Оговорюсь сразу: трусов в обычном, общепринятом, что ли, смысле среди летчиков, как правило, почти не встречается. Такой трус старается подобрать себе профессию менее опасную. На первый взгляд на фронте вроде бы таких нет: смерть — одинаково частая гостья что на земле, что на небе. Но трус боится не одной смерти, он боится всего: простуды, зубной боли, темноты и даже собственной трусости. Высоты он боится тоже. Поэтому, выбирая из ста зол свои девяносто девять, обыкновенный, дюжинный трус избегает подавать рапорт о зачислении на летные курсы.

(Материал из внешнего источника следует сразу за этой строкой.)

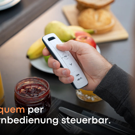 Für besonders hohen Bedienkomfort eignet sich ein Funkmotor mit Fernbedienung. Hier genügt ein normaler 230-Volt-Stromanschluss. Diese Lösung ist besonders praktisch bei mehreren Markisen, denn mit einer Mehrkanal-Fernbedienung können Sie jede Markise einzeln oder alle gemeinsam steuern. Mit der passenden Steuerung, zum Beispiel Somfy TaHoma, ist auch eine Bedienung per Smartphone oder Tablet möglich.
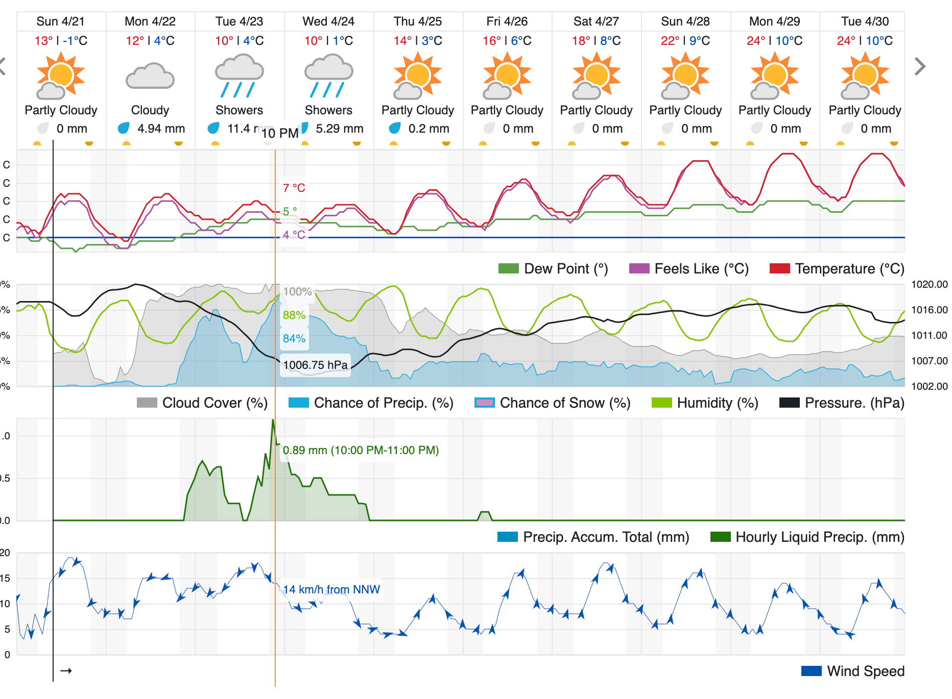 V sredo bo vreme ostalo oblačno, deževno in precej hladno z najvišjimi popoldanskimi temperaturami okoli 10 stopinj Celzija. Prijetnejše vreme nas čaka v drugi polovici tedna, ko bodo sončna obdobja daljša in temperature občutno višje.

Среди летчиков если и попадаются иногда трусы, то иного рода. Темноты или зубной боли они обычно не страшатся; они лишь остервенело цепляются за свою жизнь, не ставя ни в грош чужую. Но подлое это свойство мало кого из них спасает…

Я за всю войну встретился с таким только раз. Не хочется называть его фамилии: ее, кроме него, до сих пор кто-то носит. Пусть будет Кучилов, Иван Кучилов; не совсем точно, но те, кто вместе с ним воевал, узнают.

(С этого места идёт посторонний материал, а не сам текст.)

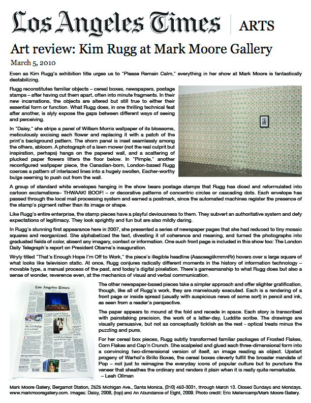 Matter is neither created nor destroyed in Kim Rugg's work, but surgically, strategically repurposed. Rugg reconfigures familiar printed materials: here newspapers, magazines, and maps; previously also postage stamps, comic books and cereal boxes. By altering their forms and tweaking or altogether eliminating their legibility, she slams on the visual brakes, forcing a closer, slower inspection of objects we typically look through rather than at. The raw materials of her enterprise give up their transparency and functionality as information delivery systems to become instead sculptural interpretations of those same systems. They sacrifice one type of authority but assume another.

Кучилова подбили, когда он возвращался к себе на базу после выполненного задания. Кстати сказать, о тех, с кем это случилось раньше, многого не расскажешь: вынужденная посадка по ту сторону линии фронта чаще всего равносильна смерти. Кучилов напоролся на заслон зениток вблизи от передовой. Ему удалось перетянуть линию фронта, но сесть было некуда. Под крылом мелькали рытвины и буераки. Воспользоваться парашютами тоже было нельзя: машина потеряла высоту и шла слишком низко. В любую минуту она могла врезаться в землю. Жизнь повисла на волоске; и чем тоньше становился волосок, тем беспощаднее наваливался страх.

Никто не слышал, чтобы Кучилов кричал, звал по рации на помощь; он сознавал, что это бессмысленно, и только жадно следил за несущейся под крылом землей. Страх не заставил его потерять голову, не скомкал нервы паникой; случилось худшее — страх поднял со дна души Кучилова подлость.

И вдруг под крылом самолета замелькали стога сена. Кучилов мгновенно отстегнул ремни, открыл задвижки фонаря и выпрыгнул в стог. А лишившийся пилота штурмовик продолжал низко нестись над землей. В задней его кабине сидел радист.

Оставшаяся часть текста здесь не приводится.